Vers 8H30, les militants ont fait irruption dans l’agence bancaire et en ont bloqué l’entrée par un ruban rouge et blanc ainsi qu’une banderole déclarant: « les peuples se lèvent face à la finance », décliné en cinq langues. Ils ont scotché, sur le frontispice de l’établissement, des pancartes sur lesquelles on pouvait lire: « banque bloquée pour cause d’évasion fiscale », « fraude fiscale, crime social » ou encore « protéger les lanceurs d’alerte c’est bien, stopper l’évasion fiscale c’est mieux ».

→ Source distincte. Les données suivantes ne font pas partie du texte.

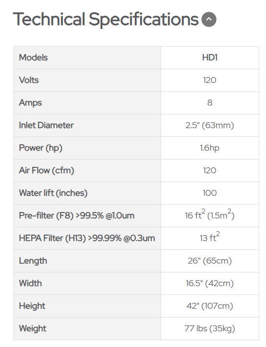 HD1 HEPA Dust Collector
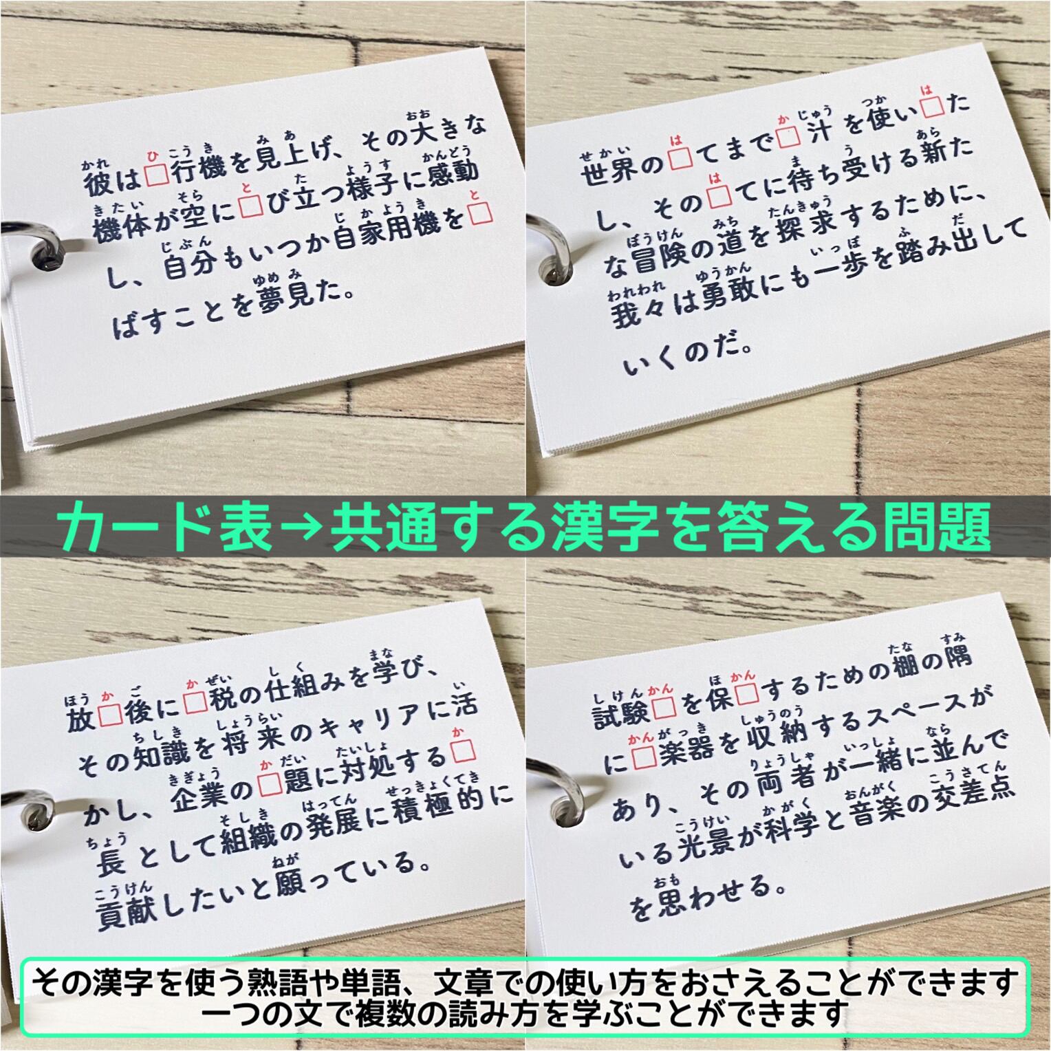 カードの文章は、表から進めると共通する漢字を埋める問題カードとして、裏から進めるとその漢字が用いられた例文カードとして使用することができます。
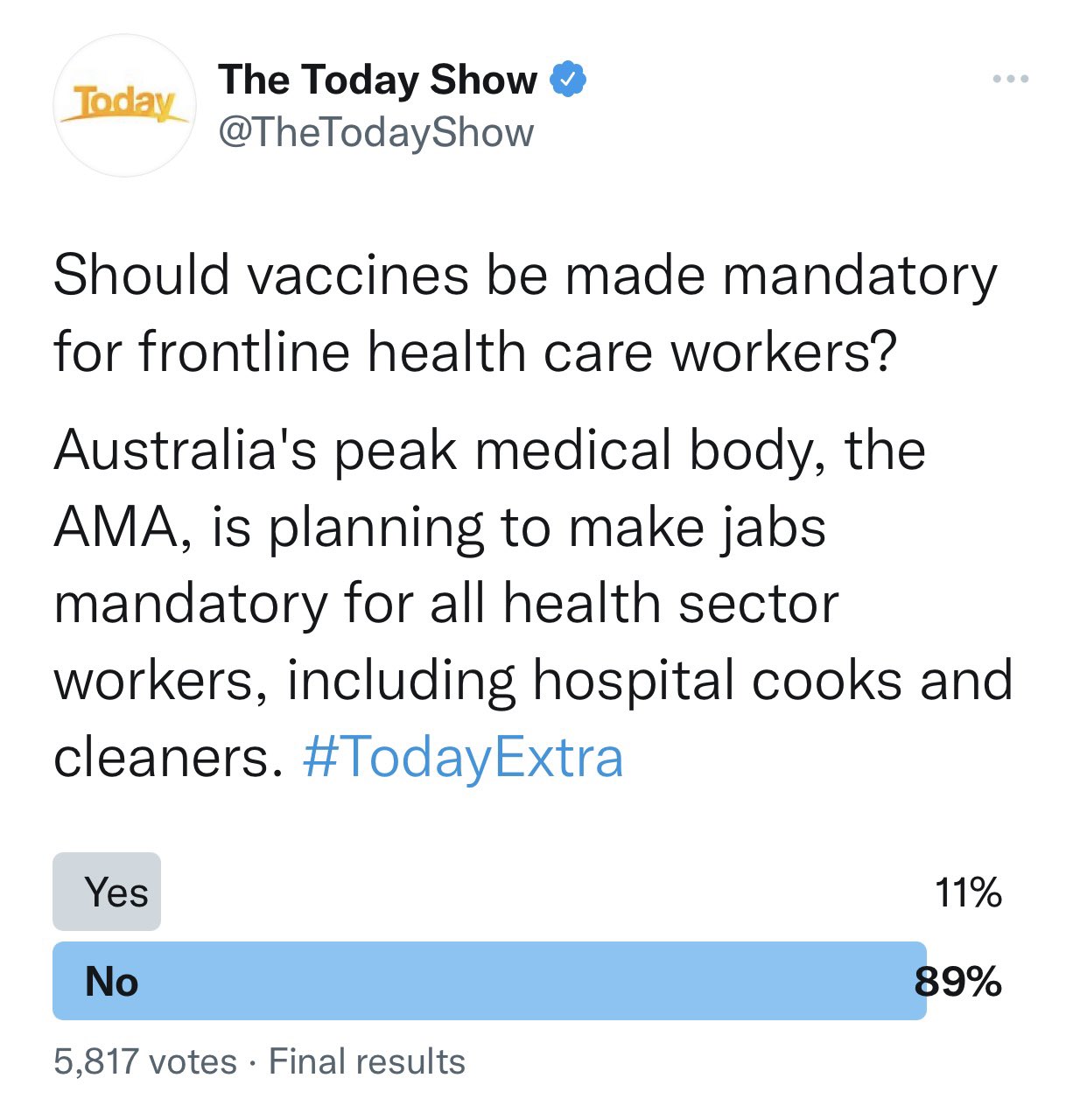 The era of ‘case’ based lockdown lifts is over, this is phase 2 of their plan: vaccination based lockdowns. I.e mass house arrest until you comply with a political policy decided by a secretive new government called the ‘national cabinet’ that nobody elected, and whose members have abolished state parliaments and all oversight.
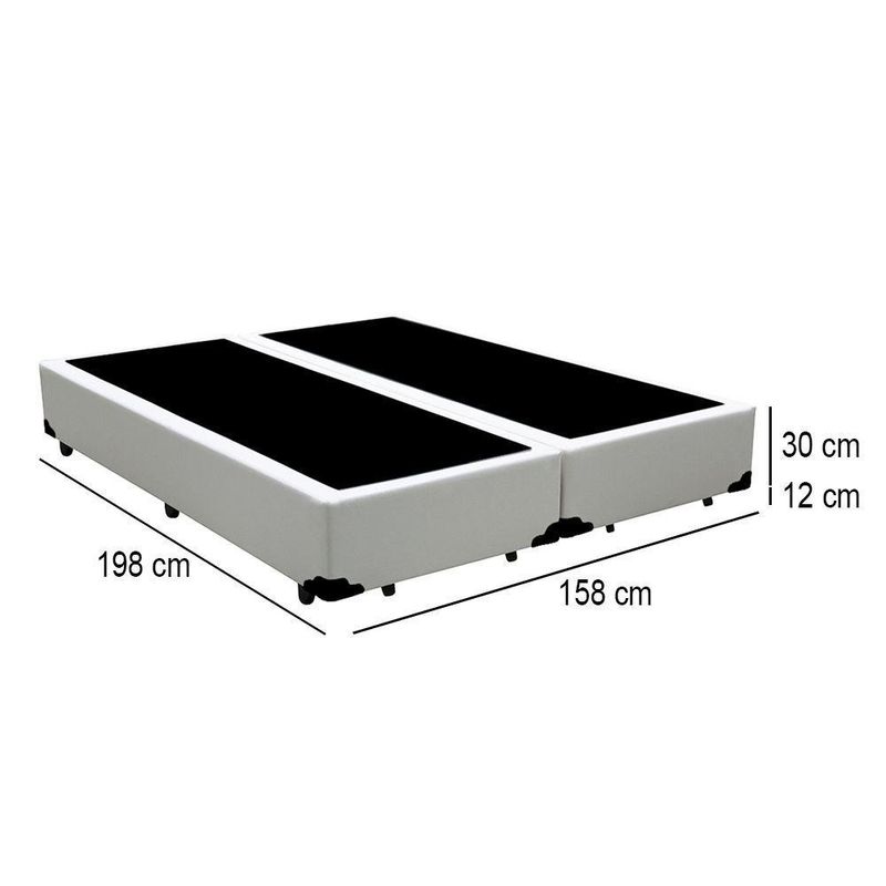 Cama Box Queen Bipartido Sintético Mega Cama Branco 158x198x42cmCama Box Queen Bipartido Sintético Mega Cama Branco 158x198x42cmA Base Box é confeccionada com estrutura de madeira 100% reflorestada com tratamentos Antialérgico e Antiácaro, proporcionando alta durabilidade e resistência do produto. Possui excelente acabamento dando um ar de sofisticação e requinte.Especificações Técnicas Base Box:Material: Estrutura blindada em madeira 100% de ReflorestamentoProteções: Antialérgico - AntiácaroPeso máximo Recomendado: até 150kgRevestimento: Material (tecido) SintéticoAltura da base: 30cmAltura dos pés: 12cmDimensões do produto:Altura Total (base + pés): 42cmLargura: 158cm (Duas bases com 79cm cada uma)Comprimento: 198cm*As cores do produto podem variar de acordo com o monitor, a iluminação do ambiente e a sua percepção visual.*Confira as dimensões do produto e certifique-se de que passará normalmente por supostos elevadores, portas, escadas e/ou corredores de sua residência.*Verifique nossas politicas internas para que não haja nenhuma dúvida no processo de entrega ao finalizar a compra, pois não fazemos a montagem e desmontagem do produto e não nos responsabilizamos por subir escadas, corredores e elevadores ou transporte por içamento pelo lado de fora do prédio.

« La Société Générale fait partie du top 5 des banques qui organisent de façon industrielle l’évasion fiscale, qui représente 60 à 80 milliards d’euros par an en moins dans le budget de la France. L’enjeu n’est plus d’obtenir ses engagements à cesser cette activité frauduleuse mais d’exiger du gouvernement français qu’il interdise aux banques de travailler dans les paradis fiscaux », a expliqué à la presse Thomas Coutrot, porte-parole d’Attac. « Les amendes ne servent à rien. Il faut que les banquiers risquent la prison », a-t-il ajouté, lançant un appel au « blocage des 103 agences de banque privée de la Société Générale » en France, des établissements spécialisés dans la gestion de patrimoine des entreprises et clients particuliers fortunés. Thomas Coutrot a estimé qu’ »au moment où le gouvernement prélève tout l’argent qui lui manque par une politique d’austérité pour combler le déficit public, creusé par l’évasion fiscale des plus riches » et « autorise les grands groupes à licencier sur la seule base des profits réalisés en France », la « dérive financière » devient un terrain naturel de la convergence des luttes sociales.

Les demandes d’Attac

Nous nous engageons à poursuivre ces actions jusqu’à ce que les pouvoirs publics prennent enfin les mesures nécessaires pour en finir avec l’évasion fiscale.

Immédiatement

  • interdiction aux banques implantées en France de poursuivre leurs activités dans les paradis fiscaux (sur la base d’une liste française actualisée fondée sur les travaux du Tax Justice Network).
  • renforcement des services fiscaux par la création immédiate de 10 000 emplois pour compenser les 3100 emplois supprimés depuis 2010 et amplifier le travail de traque des fraudeurs : faute de quoi toutes les déclarations vertueuses resteront du vent.
  • adoption d’une loi définissant et pénalisant de prison les crimes d’évasion fiscale et de complicité d’évasion fiscale.

Juste après

  • transparence obligatoire sur les activités réelles des filiales des banques et l’identité des détenteurs de compte, y compris via des sociétés écrans
  • échange automatique d’informations bancaires avec tous les pays

Nous demandons à être reçus par Michel Sapin le ministre des Finances et des Comptes publics pour discuter de la mise en œuvre concrète de ces mesures.